Algorithm of definition of amount of target-oriented DNA in the sample is based on simultaneous analysis of the researched samples and compared test sample having the DNA-target in the known concentration. As the standard we used DNA F. culmorum in the concentration 10 ng/mcl (D9). The fungus DNA in concentration of 2,9 ng/mcl (С8) appeared in the leaves of plants from the positive test group. In the leaves of plants grown from the dressed seeds fungi are not detected (С5, С6, С7). The remarkable changes occurred in the substrate. In untreated grain considerable number of DNA fusarium – 24,0 ng/mcl (D7) is accumulated. Infection background round dressed seeds is significantly lower. So, the processing with Scarlet decreases it in 10 times (D4), with Polaris – in 25 times (D6), with Benefis – in 50 times (D5) (Table 2).

Thus, the results of the carried out experiment prove the presence of the system effect from herbicides application and their control influence on the infection background round seeds. At that, innovative three-components Benefis and Polaris exceed two-components Scarlet by these parameters.

Researches on the DNA level have become already routine practice in medicine, veterinary, selection, taxonomia, bioengineering, etc.
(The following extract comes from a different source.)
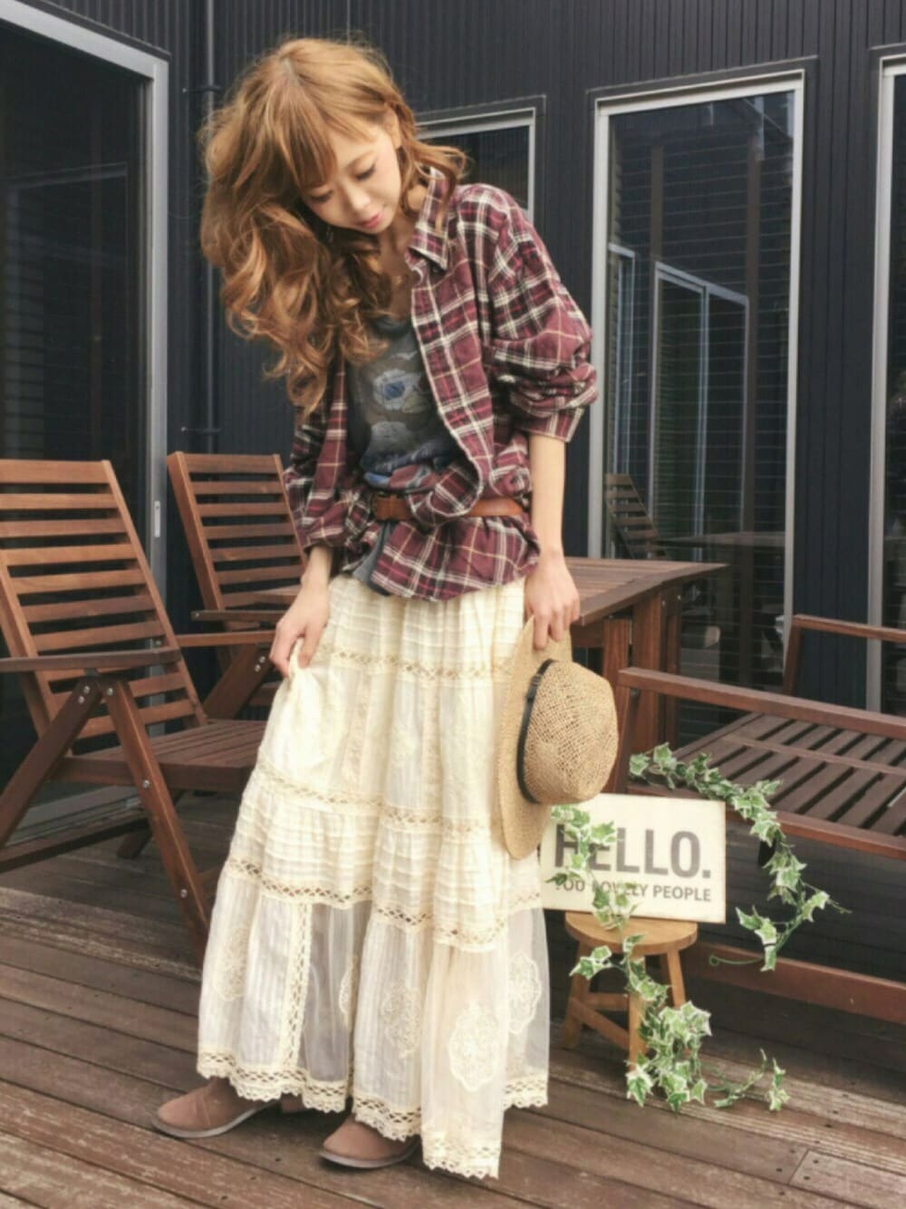 ハードな印象のロックテイストのTシャツ、白のマキシスカートではずしてみました。ちょっと春先取りしすぎたので、足元はショートブーツで。 髪が明るくなりすぎたので美容室に行ってきます。

Modern level of PCR-diagnostics application in plant breeding is not high. Implementation of molecular methods into this branch allow analyzing great amount of plant organisms to find genetically modified plants, precise and fast identification of phytopathogens, to control the efficiency of anti pests stoppers, sorting out unfavorable seeding material, monitoring of infection background of sown areas, etc.